Saturday, August 13, 2011
Austerity and Runaway Inequality Lead to Violence And Instability
Study Shows That Austerity Leads to Violence And Instability
A study this month by economists Hans-Joachim Voth and Jacopo Ponticelli shows that - from 1919 to the present - austerity has increased the risk of violence and instability:
Does fiscal consolidation lead to social unrest? From the end of the Weimar Republic in Germany in the 1930s to anti-government demonstrations in Greece in 2010-11, austerity has tended to go hand in hand with politically motivated violence and social instability. In this paper, we assemble cross-country evidence for the period 1919 to the present, and examine the extent to which societies become unstable after budget cuts. The results show a clear positive correlation between fiscal retrenchment and instability. We test if the relationship simply reflects economic downturns, and conclude that this is not the key factor. We also analyse interactions with various economic and political variables. While autocracies and democracies show a broadly similar responses to budget cuts, countries with more constraints on the executive are less likely to see unrest as a result of austerity measures.As CNN notes:
Studying instances of austerity and unrest in Europe between 1919 to 2009, Ponticelli and Voth conclude that there is a “clear link between the magnitude of expenditure cutbacks and increases in social unrest. With every additional percentage point of GDP in spending cuts, the risk of unrest increases.”
“Expenditure cuts carry a significant risk of increasing the frequency of riots, anti-government demonstrations, general strikes, political assassinations, and attempts at revolutionary overthrow of the established order. While these are low probability events in normal years, they become much more common as austerity measures are implemented.”
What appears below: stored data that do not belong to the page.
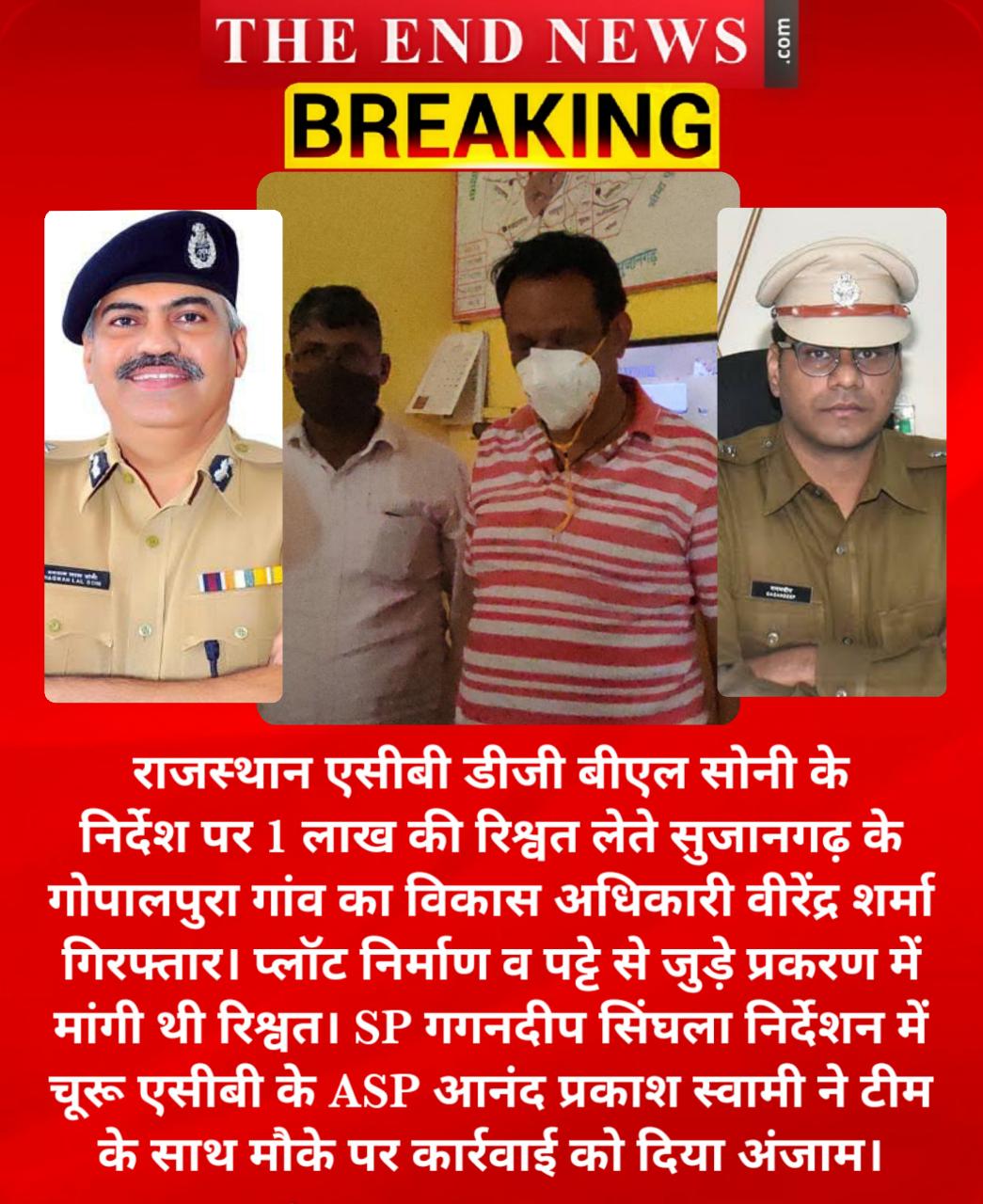 जिसके बाद इसका सत्यापन कर ACB के SP गगनदीप सिंघला के निर्देशन में चूरू एसीबी के ASP आनंद प्रकाश स्वामी ने टीम के साथ मौके पर कार्रवाई को दिया अंजाम दिया और रिश्वतखोर ग्राम विकास अधिकारी को रंगे हाथों ट्रैप किया।
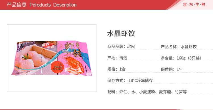 珍网 水晶虾饺160g 8只 早餐点心 广式早茶 蒸饺 饺子 火锅食材 粤菜 方便菜
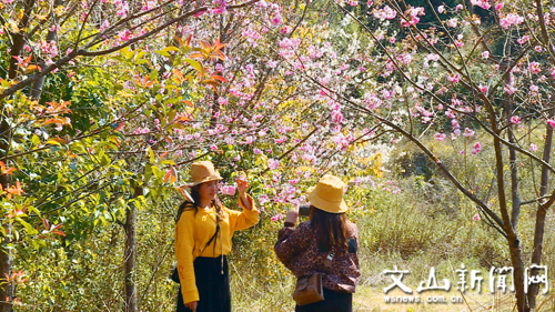 看尽樱花满园,又是月挂竹梢的时候,回到彝家客栈,吃过可口的菜肴和飘香的米酒,凭栏放飞思绪,想起白日里四处萌动的春色,昂首又遥想到了秋月,禁不住感叹携带着无数沉浮不定的生物匆匆行进的时光。我喜爱杜甫“岸花飞送客,樯燕语留人”的景致意境,更钦佩花儿执著忘我的一种精神:盛开时义无反顾,凋谢时没有丝毫悔意。因为它生命的真正意义在于把美丽留给人间,哪怕只是一瞬间的绽放。同样,人生在世也应时刻绽放美丽的心情,抛开一切尘世的烦扰,张开“花瓣”一样的臂膀拥抱精彩的世界,像含笑吐蕊的樱花一样笑对人生。(文山新闻网 作者李顺/文 谭于骞 陆华秀/图)
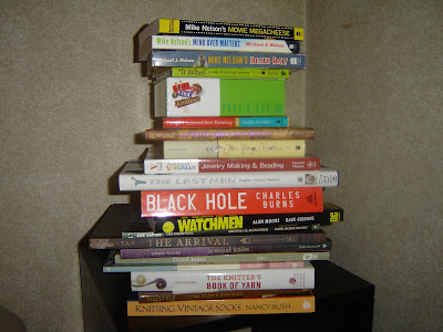 As well as the Pick Up Sticks sushi wallet kit in red and the felted snug boots kit in Sand and Seafoam. He did a wonderful job picking out beautiful clothing (which included awesome t-shirts and cashmere sweater). He also got me dvds, Rock Band 2, Guitar Hero: World Tour, amazing diamond earrings, necklace and a watch. He also got me a bunch of books. Here's a picture of the stack (the top three are the ones I got my boyfriend who is a huge Mystery Science Theatre 3000 fan):
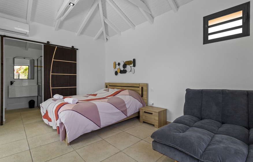 Upon entering, a leafy driveway leads you to the bungalow's main door, where a calm, soothing atmosphere awaits you. Inside, the air-conditioned master bedroom is distinguished by its comfort, with a queen-size bed (160x200 cm), as well as a convertible sofa, offering the possibility of accommodating an extra person if required. Furnishings include a chest of drawers and a connected flat-screen TV with access to Netflix and Prime Video with your own codes .
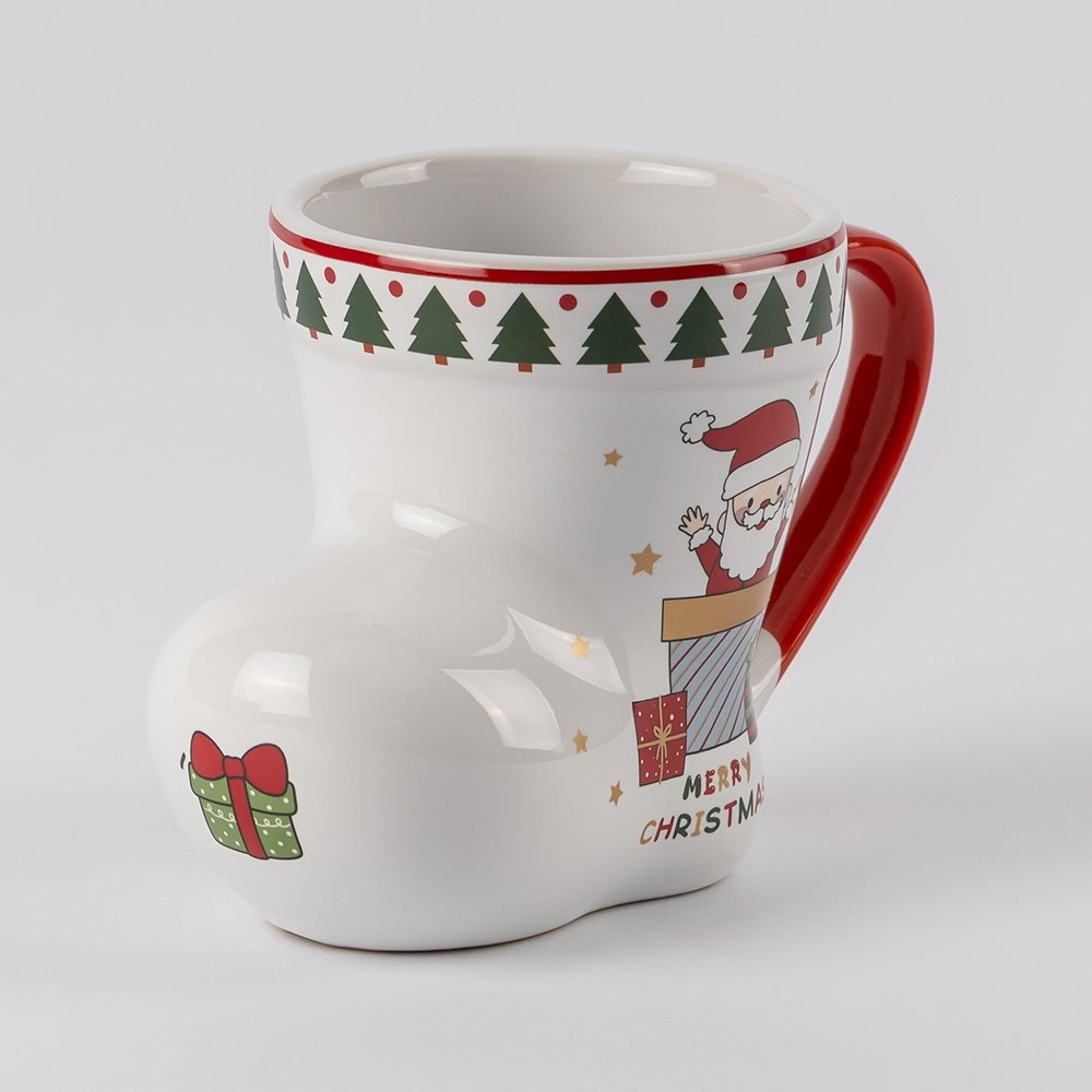 BootyCup – це маленький витвір мистецтва на вашій кухні! Горнятко у формі різдвяного чобітка миттєво створює атмосферу свята. На білосніжній поверхні – веселий Санта, подарунки та зелений бордюр з ялинок, а червона ручка додає яскравий акцент і чудово доповнює зимовий декор. Об’єм 250 мл підходить для улюбленої кави, запашного какао чи зігрівального глінтвейну, перетворюючи кожен ковток на справжнє задоволення.
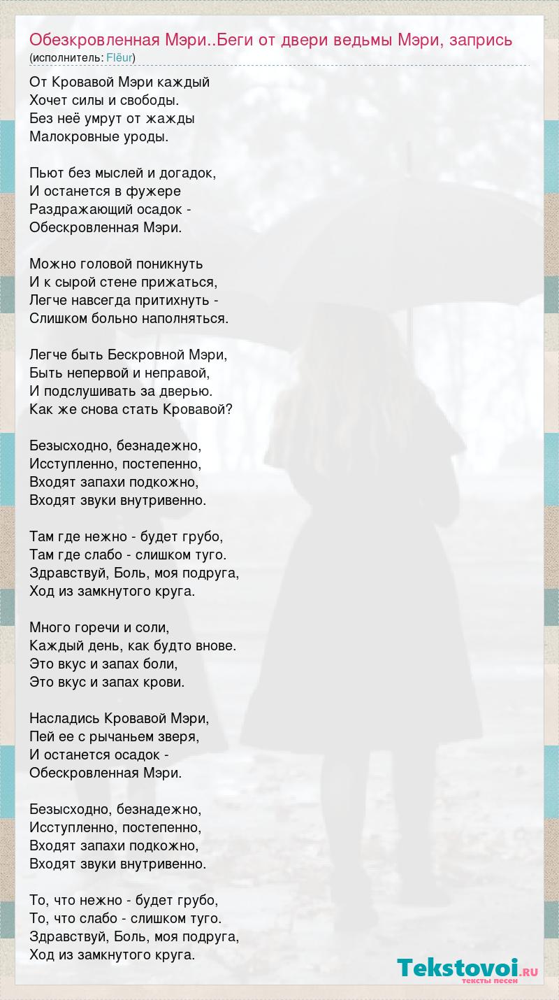 Главная→Исполнители→Flёur→Обезкровленная Мэри..Беги от двери ведьмы Мэри, запрись и потеряй ключи, а к

Prominent Institutions, Economists and Politicians Have Warned For Years That Bad Economic Policy Would Lead To Unrest
Many prominent institutions, economists and politicians have been warning about this issue.
The relation between austerity and riots is so clear that former IMF chief economist and Noble prize winning economist Joseph Stiglitz coined a phrase to describe what happens after the International Monetary Fund demands austerity in return for loans to indebted countries: "The IMF Riot".
Forbes reported in February:
As I warned in February 2009 and again in December of that year:Harvard economist Kenneth Rogoff, co-author of a best-selling book on financial crises, “This Time It’s Different,” told Forbes today in an exclusive interview, that the high unemployment rate and high levels of debt in the U.S. will sooner or later trigger serious “social unrest from the income disparities in the U.S.”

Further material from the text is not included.